Meanwhile, Luton, England singer-songwriter Myles Smith grabs a career-best with “Stargazing” (RCA), up 7-6.

As Taylor Swift’s The Eras Tour cruises into the U.K., the U.S. pop music superstar’s music — predictably — climbs the U.K. charts. On the singles tally, former leader “Fortnight” featuring Post Malone is up 11-10, “Cruel Summer” lifts 17-14 and “I Can Do It With A Broken Heart” (all via EMI) improves 19-18.

The TayTay effect extends to Benson Boone, Swift’s support act at her Wembley Stadium dates.
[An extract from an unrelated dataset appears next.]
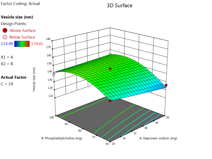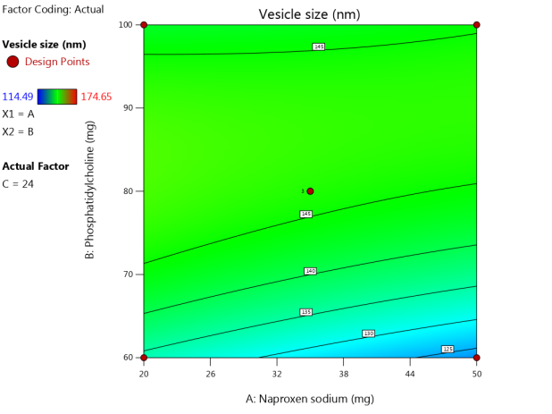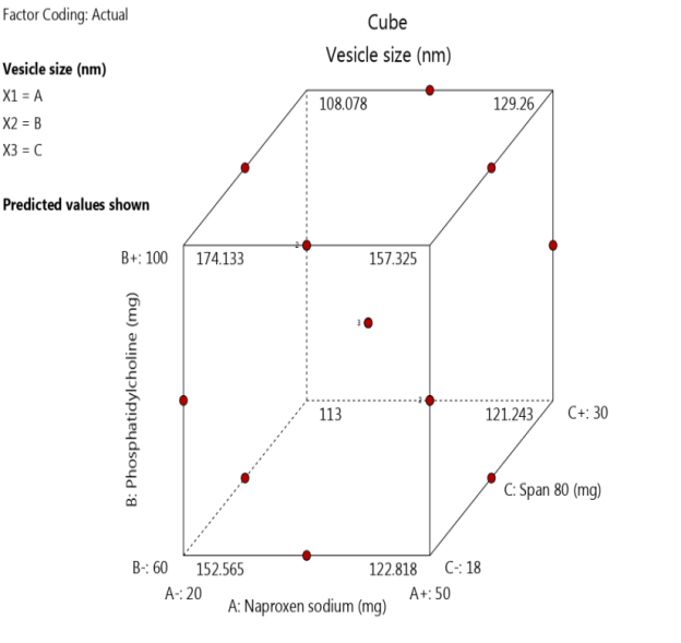 Where Y1 is Response 1: Vesicle size (nm), X1 is Naproxen sodium (mg), X2 is Phosphatidylcholine mg), X3 is Span 80(mg)

Boone enjoys gains for his singles “Slow It Down” up (18-15 via Warner Records) and former No. 1 “Beautiful Things” (up 21-19).

Finally, as the ball rolls on the UEFA European Football Championship, one evergreen hit makes its move: Baddiel, Skinner & Lightning Seeds’ 1996 anthem “Three Lions (Football’s Coming Home)” (via Epic). The chant-ready song is back in the top 40, at No. 32. “Three Lions” typically returns to the chart when England competes in major international tournaments. The single topped the chart for two separate one-week runs in 1996 to coincide with that year’s European Championship tournament, then a 1998 update for the World Cup reigned for three weeks. Powered by England’s run to the World Cup semi-finals, “Three Lions” returned to No. 1 in 2018.

Forget the summer of Sabrina Carpenter. The U.S. pop star is also warming-up Australia’s chart through the southern winter.
Carpenter scores her second leader in less than two months as “Please Please Please” (Island/Universal) lifts 4-1 on the ARIA Singles Chart, for its first stint at the top.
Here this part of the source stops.